Storicamente il tifo per l’Inter era associato alla borghesia milanese, mentre quello per il Milan era più popolare così come attestano i termini dialettali per definire i tifosi: “Bauscia” (ovvero sbruffoni) gli interisti e “Casciavit” (cacciaviti) i milanisti. Dopo gli anni 80 e con l’avvento di Berlusconi la differenza sociale si è annullata se non addirittura invertita.
U come Unico
Lo spettacolo e le coreografie del Derby sono uniche, ma quest’anno il tifo organizzato potrebbe limitarsi a semplici striscioni dopo le recenti polemiche dei club con le curve (la Nord interista e la Sud milanista) indagate per infiltrazioni criminali. Il dubbio sarà svelato soltanto nell’immediato pre-gara.
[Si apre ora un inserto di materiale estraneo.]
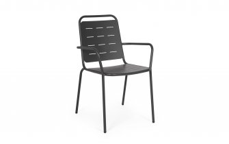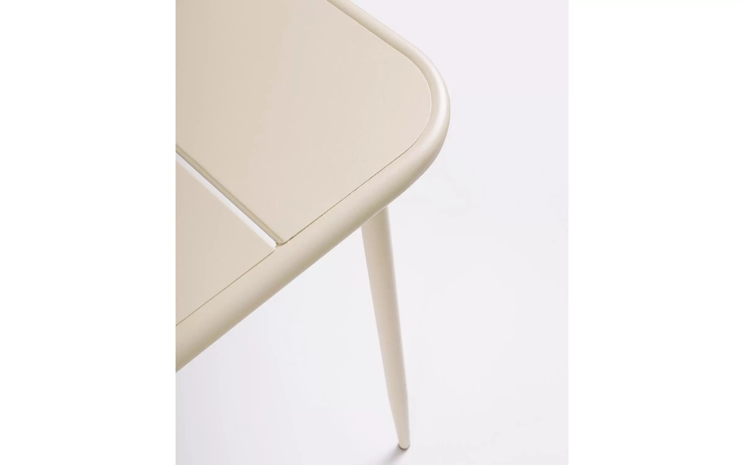 Stół stalowy idealny na balkon lub do kawiarni ze stali malowanej proszkowo. Zaokrąglone rogi blatu i poprzeczne szczeliny dla szybszego odprowadzania wody.

Un derby che ha nel Veneto tracce di storia
V come Veneto

Spesso protagonista per aver dato i natali a tanti allenatori e/o giocatori – da Gipo Viani ad Aldo Serena tanto per citarne solo due – quest’anno si limita a fare da apripista o meglio da avanspettacolo, nel senso che viene prima: ieri sabato si è giocato, infatti, all’Euganeo il derby Padova-Venezia di serie B finito 2 a 0 per gli arancioneroverdi. Un derby dal sapore antico di serie A e di grandi nomi, quando Padova e Venezia erano per il calcio italiano molto più di provinciali che si facevano rispettare.
Z come Zona

Il classico “gioco a zona” di un allenatore come Sacchi è ormai superato dall’evoluzione del pressing, ma resta l’innovazione tattica più importante degli ultimi 40 anni di Derby. Vedremo cosa si inventeranno Chivu e Allegri, ma difficilmente potranno mai raggiungere l’inventiva dell’Arrigo da Fusignano.